§ Task directions
Please repeat, exactly and without pictures, the lines of the entries below that run from the one containing "酷碼 MasterFrame 600" through the one containing "Ввод жилья на".

::: Input data :::

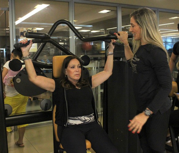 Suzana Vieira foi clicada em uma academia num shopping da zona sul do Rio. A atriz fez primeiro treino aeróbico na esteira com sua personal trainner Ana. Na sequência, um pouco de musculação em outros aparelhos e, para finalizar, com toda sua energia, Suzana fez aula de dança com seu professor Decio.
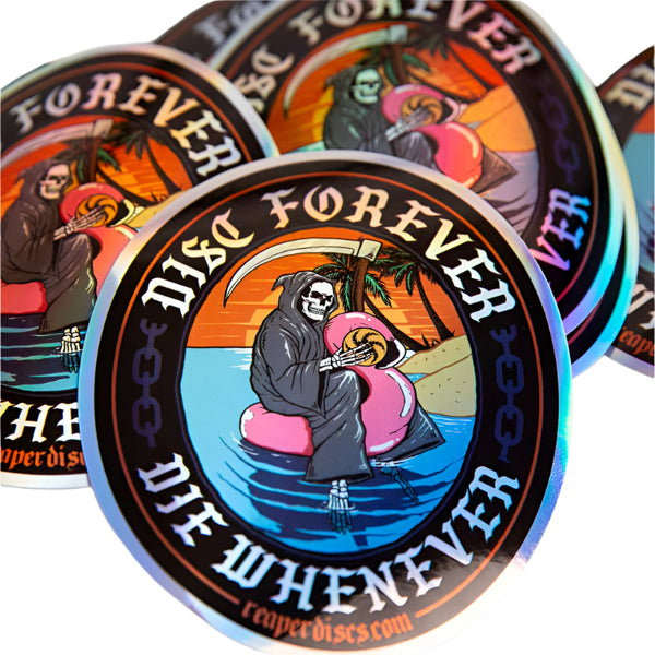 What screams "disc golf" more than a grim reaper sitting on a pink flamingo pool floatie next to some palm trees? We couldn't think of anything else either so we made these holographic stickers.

:::
::: Input data :::

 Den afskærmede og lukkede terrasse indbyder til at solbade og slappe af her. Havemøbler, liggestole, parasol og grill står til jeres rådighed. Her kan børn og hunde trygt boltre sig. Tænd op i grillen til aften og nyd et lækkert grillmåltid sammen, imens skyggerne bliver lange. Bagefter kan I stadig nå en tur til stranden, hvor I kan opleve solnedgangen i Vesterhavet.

:::
::: Input data :::

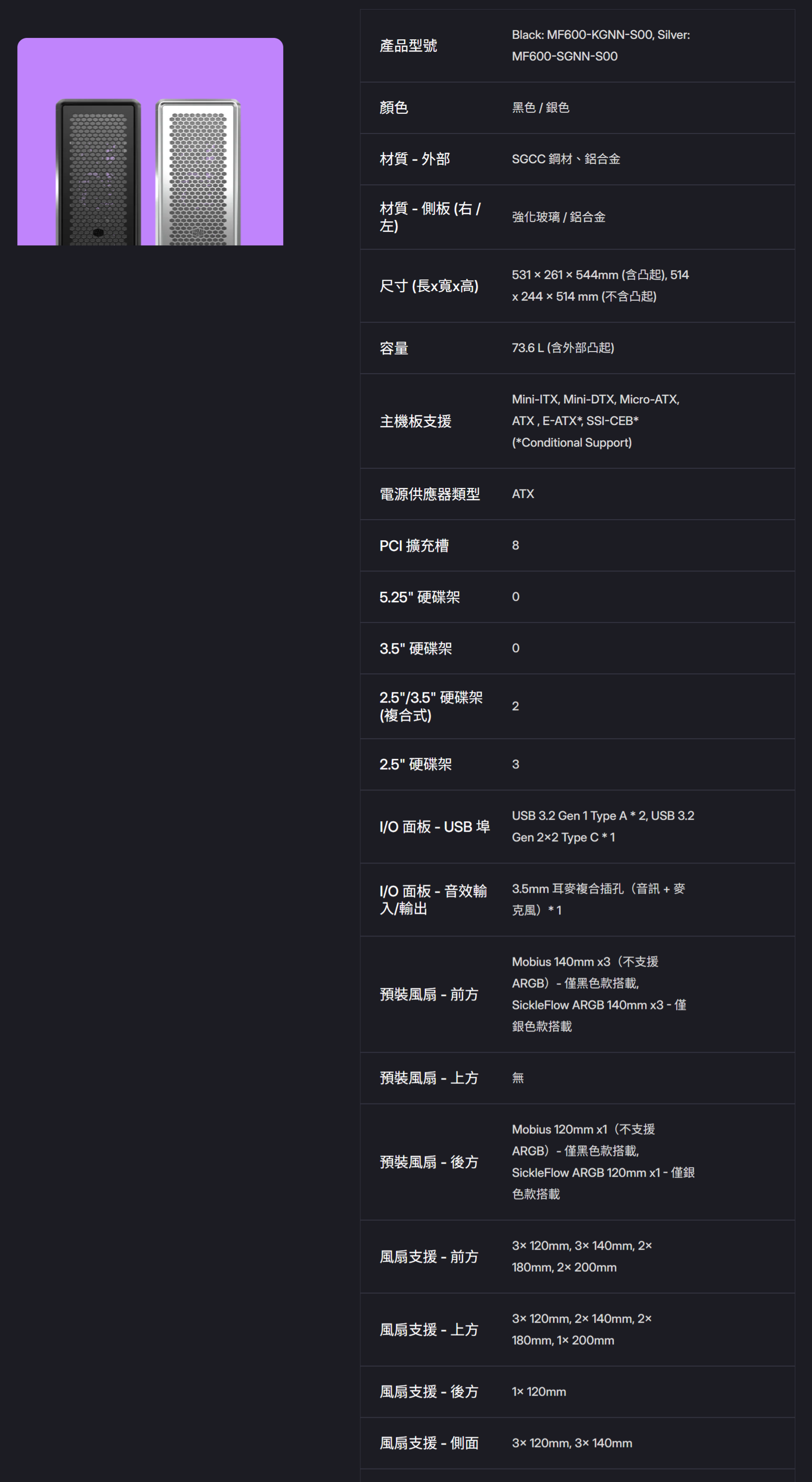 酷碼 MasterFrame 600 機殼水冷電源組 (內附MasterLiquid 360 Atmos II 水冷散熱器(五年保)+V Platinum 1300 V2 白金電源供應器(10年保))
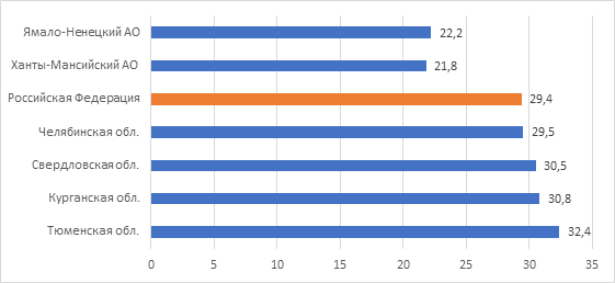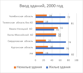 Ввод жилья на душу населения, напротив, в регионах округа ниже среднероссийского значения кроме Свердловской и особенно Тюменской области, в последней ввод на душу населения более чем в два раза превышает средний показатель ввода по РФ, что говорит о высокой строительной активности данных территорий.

:::

§ Response to the exercise
 酷碼 MasterFrame 600 機殼水冷電源組 (內附MasterLiquid 360 Atmos II 水冷散熱器(五年保)+V Platinum 1300 V2 白金電源供應器(10年保))
 Ввод жилья на душу населения, напротив, в регионах округа ниже среднероссийского значения кроме Свердловской и особенно Тюменской области, в последней ввод на душу населения более чем в два раза превышает средний показатель ввода по РФ, что говорит о высокой строительной активности данных территорий.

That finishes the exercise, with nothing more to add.